**Work required:**
Give the lines again exactly as they appear, beginning at the one with "Constructed with 18" and ending at the last line of the records.

Extracted records:
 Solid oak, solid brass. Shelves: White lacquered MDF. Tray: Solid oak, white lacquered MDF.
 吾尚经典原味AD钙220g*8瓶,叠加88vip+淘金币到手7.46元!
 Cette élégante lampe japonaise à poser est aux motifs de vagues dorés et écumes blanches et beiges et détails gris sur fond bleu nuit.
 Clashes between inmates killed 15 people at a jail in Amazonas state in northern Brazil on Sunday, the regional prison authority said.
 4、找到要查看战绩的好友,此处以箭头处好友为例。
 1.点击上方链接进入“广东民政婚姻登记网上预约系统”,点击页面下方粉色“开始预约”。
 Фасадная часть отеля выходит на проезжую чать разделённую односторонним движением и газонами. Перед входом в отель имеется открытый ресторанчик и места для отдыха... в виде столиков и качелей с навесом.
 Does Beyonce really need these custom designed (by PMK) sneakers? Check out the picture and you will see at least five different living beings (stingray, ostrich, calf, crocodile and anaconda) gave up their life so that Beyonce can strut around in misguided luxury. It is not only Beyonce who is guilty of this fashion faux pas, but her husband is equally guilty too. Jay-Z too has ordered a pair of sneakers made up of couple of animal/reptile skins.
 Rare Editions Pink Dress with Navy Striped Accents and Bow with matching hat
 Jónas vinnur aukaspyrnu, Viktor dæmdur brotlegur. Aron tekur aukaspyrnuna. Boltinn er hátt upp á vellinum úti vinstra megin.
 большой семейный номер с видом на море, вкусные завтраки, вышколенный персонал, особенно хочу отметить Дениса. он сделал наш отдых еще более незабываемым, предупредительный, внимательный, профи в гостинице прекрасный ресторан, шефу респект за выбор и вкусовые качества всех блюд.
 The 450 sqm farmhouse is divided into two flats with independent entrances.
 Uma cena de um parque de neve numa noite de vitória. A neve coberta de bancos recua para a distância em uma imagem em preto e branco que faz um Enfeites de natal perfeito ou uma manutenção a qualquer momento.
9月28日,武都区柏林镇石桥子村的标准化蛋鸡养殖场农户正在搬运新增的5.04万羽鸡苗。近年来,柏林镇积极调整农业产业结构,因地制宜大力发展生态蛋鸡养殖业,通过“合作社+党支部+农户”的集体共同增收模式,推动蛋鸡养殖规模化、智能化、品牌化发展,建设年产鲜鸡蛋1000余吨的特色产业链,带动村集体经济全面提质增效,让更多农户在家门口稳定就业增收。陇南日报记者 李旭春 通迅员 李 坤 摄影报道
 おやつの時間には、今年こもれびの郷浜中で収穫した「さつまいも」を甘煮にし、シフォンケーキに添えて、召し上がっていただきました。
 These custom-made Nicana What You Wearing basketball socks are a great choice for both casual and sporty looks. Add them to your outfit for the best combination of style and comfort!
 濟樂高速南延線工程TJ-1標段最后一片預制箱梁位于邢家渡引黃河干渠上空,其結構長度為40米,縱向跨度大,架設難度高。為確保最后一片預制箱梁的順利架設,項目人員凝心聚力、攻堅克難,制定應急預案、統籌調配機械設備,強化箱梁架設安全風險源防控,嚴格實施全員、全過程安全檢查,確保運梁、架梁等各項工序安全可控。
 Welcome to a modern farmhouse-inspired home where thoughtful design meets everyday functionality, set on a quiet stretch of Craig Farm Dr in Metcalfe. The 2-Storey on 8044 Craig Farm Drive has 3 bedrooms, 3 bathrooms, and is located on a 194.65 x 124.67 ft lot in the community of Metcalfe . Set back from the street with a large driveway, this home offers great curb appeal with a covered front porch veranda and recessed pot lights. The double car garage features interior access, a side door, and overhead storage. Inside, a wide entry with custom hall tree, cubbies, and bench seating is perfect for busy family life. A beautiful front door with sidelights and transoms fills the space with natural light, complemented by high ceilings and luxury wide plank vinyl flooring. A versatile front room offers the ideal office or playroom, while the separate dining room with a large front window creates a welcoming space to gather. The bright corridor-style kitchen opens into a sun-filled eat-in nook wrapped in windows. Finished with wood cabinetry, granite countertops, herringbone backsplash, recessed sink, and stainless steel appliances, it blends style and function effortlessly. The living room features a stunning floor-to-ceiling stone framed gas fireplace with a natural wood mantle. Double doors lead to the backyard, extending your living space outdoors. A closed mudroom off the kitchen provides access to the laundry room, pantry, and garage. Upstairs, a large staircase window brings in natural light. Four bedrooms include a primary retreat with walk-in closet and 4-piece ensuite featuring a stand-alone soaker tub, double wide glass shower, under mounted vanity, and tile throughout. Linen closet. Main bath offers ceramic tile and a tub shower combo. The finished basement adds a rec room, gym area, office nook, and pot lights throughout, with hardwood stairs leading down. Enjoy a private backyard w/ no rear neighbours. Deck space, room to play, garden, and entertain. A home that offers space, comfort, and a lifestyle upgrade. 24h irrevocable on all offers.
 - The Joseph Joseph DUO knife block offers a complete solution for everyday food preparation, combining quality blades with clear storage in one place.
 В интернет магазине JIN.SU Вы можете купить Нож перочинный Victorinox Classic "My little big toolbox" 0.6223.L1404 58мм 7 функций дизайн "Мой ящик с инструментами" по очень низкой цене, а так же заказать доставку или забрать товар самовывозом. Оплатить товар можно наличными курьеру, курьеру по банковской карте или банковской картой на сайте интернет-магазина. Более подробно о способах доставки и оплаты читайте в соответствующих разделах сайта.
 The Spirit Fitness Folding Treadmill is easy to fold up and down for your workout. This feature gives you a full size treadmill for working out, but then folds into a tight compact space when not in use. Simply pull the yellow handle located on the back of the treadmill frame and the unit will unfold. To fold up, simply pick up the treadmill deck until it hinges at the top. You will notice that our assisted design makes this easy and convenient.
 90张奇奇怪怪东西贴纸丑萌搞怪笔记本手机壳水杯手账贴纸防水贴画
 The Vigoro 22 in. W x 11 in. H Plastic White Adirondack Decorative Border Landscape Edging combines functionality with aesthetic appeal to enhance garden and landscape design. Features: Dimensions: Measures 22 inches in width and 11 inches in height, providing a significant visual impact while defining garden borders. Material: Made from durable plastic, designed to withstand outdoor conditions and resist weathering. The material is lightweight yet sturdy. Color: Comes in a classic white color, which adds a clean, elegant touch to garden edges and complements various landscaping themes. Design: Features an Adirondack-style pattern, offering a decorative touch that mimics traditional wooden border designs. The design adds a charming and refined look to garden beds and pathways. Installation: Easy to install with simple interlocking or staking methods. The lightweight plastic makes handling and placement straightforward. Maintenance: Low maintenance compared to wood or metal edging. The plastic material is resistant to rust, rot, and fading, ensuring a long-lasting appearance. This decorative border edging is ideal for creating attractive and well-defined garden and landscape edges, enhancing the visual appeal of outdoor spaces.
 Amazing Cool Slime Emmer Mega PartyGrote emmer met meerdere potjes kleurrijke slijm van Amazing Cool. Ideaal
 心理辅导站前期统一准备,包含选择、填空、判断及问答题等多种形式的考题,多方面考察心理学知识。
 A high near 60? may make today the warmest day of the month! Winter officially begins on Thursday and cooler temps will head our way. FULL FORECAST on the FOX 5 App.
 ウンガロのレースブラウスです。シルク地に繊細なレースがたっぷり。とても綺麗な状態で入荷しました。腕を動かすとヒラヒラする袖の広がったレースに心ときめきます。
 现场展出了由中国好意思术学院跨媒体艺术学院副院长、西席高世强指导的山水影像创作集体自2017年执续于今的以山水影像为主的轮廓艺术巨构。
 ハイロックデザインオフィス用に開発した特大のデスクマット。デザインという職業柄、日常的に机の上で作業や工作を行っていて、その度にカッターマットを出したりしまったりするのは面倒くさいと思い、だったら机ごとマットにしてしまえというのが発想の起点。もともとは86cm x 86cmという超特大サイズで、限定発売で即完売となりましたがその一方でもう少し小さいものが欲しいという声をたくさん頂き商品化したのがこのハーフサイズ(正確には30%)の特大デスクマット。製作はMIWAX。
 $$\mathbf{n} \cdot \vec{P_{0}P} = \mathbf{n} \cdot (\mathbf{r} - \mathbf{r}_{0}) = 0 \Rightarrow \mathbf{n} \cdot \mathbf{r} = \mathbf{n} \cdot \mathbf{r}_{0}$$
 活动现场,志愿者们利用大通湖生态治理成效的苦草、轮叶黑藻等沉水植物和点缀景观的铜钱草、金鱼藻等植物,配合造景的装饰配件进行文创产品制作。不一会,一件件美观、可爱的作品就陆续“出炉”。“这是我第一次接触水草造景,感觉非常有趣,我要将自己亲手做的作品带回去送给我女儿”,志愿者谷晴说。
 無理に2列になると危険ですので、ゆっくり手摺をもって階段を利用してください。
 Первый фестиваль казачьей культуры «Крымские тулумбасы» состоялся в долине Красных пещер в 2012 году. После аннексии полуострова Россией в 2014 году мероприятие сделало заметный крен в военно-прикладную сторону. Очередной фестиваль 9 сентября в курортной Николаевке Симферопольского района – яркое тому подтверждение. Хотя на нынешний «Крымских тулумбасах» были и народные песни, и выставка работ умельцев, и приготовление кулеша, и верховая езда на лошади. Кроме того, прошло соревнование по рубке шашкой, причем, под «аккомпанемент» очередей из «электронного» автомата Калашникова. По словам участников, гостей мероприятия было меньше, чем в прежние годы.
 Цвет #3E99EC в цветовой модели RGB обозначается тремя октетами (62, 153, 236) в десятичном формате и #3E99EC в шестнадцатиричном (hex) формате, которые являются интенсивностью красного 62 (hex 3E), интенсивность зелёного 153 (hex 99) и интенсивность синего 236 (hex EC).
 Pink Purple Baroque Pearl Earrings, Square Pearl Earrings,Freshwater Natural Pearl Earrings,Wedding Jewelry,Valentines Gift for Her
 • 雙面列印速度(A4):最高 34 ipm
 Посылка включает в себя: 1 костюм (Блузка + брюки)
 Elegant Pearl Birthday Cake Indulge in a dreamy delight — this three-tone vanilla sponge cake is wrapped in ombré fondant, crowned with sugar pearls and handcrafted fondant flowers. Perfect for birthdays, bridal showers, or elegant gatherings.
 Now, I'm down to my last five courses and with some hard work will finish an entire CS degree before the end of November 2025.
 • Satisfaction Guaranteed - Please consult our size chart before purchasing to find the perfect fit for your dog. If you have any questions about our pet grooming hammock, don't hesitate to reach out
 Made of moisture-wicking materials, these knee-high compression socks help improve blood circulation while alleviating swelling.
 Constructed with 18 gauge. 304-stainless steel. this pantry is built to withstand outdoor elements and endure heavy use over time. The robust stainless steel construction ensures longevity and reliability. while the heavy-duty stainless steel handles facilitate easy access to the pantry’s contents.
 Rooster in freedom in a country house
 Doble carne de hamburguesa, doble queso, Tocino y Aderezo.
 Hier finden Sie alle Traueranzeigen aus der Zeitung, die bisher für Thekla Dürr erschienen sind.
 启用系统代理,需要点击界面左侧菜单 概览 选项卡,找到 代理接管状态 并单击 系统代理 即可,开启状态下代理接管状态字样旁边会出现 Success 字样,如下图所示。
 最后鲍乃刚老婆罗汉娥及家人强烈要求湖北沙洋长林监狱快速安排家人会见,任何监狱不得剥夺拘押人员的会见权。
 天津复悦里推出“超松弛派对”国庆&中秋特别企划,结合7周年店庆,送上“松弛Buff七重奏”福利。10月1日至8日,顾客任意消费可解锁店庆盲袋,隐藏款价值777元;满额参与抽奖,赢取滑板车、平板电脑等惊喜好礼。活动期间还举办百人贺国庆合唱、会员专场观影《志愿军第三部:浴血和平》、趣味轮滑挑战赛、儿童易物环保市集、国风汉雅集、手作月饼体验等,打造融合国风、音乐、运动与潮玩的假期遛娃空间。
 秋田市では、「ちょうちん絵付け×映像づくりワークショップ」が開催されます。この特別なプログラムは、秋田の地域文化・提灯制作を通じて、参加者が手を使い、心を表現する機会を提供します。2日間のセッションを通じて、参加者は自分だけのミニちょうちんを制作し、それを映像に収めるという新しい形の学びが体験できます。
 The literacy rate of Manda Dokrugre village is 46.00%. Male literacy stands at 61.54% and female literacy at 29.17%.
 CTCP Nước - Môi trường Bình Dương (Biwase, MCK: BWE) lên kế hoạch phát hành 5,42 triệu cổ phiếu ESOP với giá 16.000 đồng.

**Written solution:**
 Constructed with 18 gauge. 304-stainless steel. this pantry is built to withstand outdoor elements and endure heavy use over time. The robust stainless steel construction ensures longevity and reliability. while the heavy-duty stainless steel handles facilitate easy access to the pantry’s contents.
 Rooster in freedom in a country house
 Doble carne de hamburguesa, doble queso, Tocino y Aderezo.
 Hier finden Sie alle Traueranzeigen aus der Zeitung, die bisher für Thekla Dürr erschienen sind.
 启用系统代理,需要点击界面左侧菜单 概览 选项卡,找到 代理接管状态 并单击 系统代理 即可,开启状态下代理接管状态字样旁边会出现 Success 字样,如下图所示。
 最后鲍乃刚老婆罗汉娥及家人强烈要求湖北沙洋长林监狱快速安排家人会见,任何监狱不得剥夺拘押人员的会见权。
 天津复悦里推出“超松弛派对”国庆&中秋特别企划,结合7周年店庆,送上“松弛Buff七重奏”福利。10月1日至8日,顾客任意消费可解锁店庆盲袋,隐藏款价值777元;满额参与抽奖,赢取滑板车、平板电脑等惊喜好礼。活动期间还举办百人贺国庆合唱、会员专场观影《志愿军第三部:浴血和平》、趣味轮滑挑战赛、儿童易物环保市集、国风汉雅集、手作月饼体验等,打造融合国风、音乐、运动与潮玩的假期遛娃空间。
 秋田市では、「ちょうちん絵付け×映像づくりワークショップ」が開催されます。この特別なプログラムは、秋田の地域文化・提灯制作を通じて、参加者が手を使い、心を表現する機会を提供します。2日間のセッションを通じて、参加者は自分だけのミニちょうちんを制作し、それを映像に収めるという新しい形の学びが体験できます。
 The literacy rate of Manda Dokrugre village is 46.00%. Male literacy stands at 61.54% and female literacy at 29.17%.
 CTCP Nước - Môi trường Bình Dương (Biwase, MCK: BWE) lên kế hoạch phát hành 5,42 triệu cổ phiếu ESOP với giá 16.000 đồng.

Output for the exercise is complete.